● **Exercise**:
Nothing outside the range is to be copied. From the entries below, reproduce exactly the lines starting at the one with "Figuur 7 Leien dakvlak 2" and ending at the one with "Boîtes aux lettres à Jérusalem.", without pictures.

[[ Provided records, beginning ]]

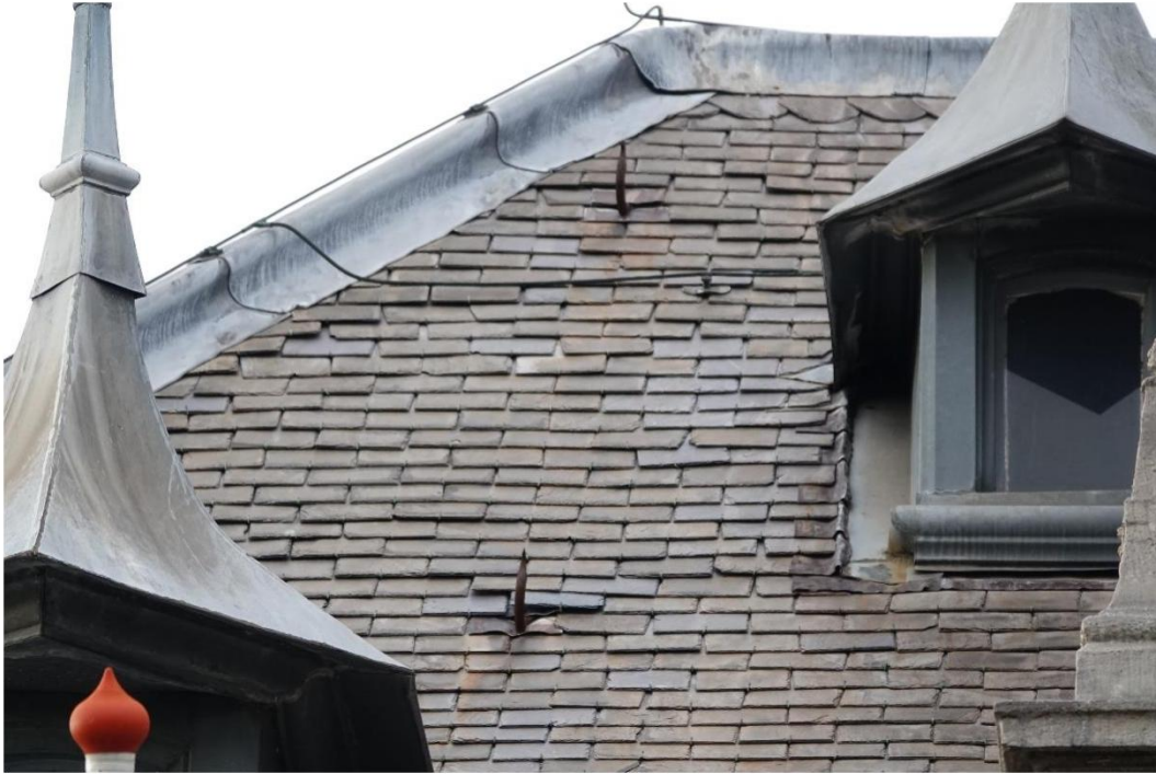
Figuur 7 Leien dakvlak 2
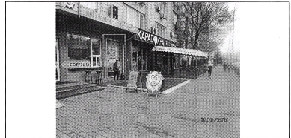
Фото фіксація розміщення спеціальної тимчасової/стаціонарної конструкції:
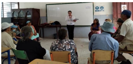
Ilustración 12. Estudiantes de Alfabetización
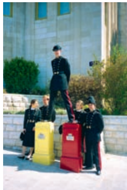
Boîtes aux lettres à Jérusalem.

[[ Provided records, end ]]
[[ Provided records, beginning ]]

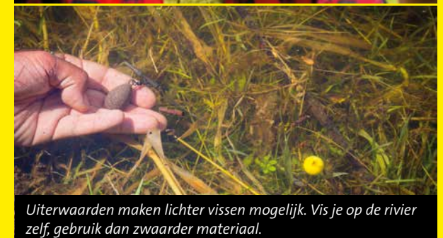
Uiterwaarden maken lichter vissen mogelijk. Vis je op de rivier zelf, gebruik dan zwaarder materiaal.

[[ Provided records, end ]]
[[ Provided records, beginning ]]

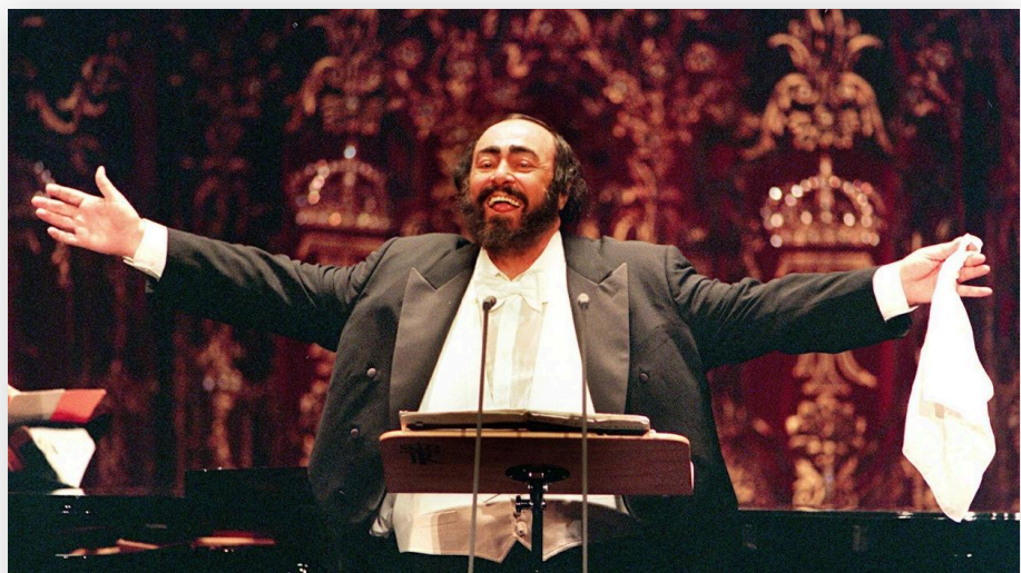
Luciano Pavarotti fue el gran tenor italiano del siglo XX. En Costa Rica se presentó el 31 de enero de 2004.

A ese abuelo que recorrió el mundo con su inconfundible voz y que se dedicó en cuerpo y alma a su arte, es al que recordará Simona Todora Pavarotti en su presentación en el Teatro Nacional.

[[ Provided records, end ]]

● **Result of this exercise**:
Figuur 7 Leien dakvlak 2
Фото фіксація розміщення спеціальної тимчасової/стаціонарної конструкції:
Ilustración 12. Estudiantes de Alfabetización
Boîtes aux lettres à Jérusalem.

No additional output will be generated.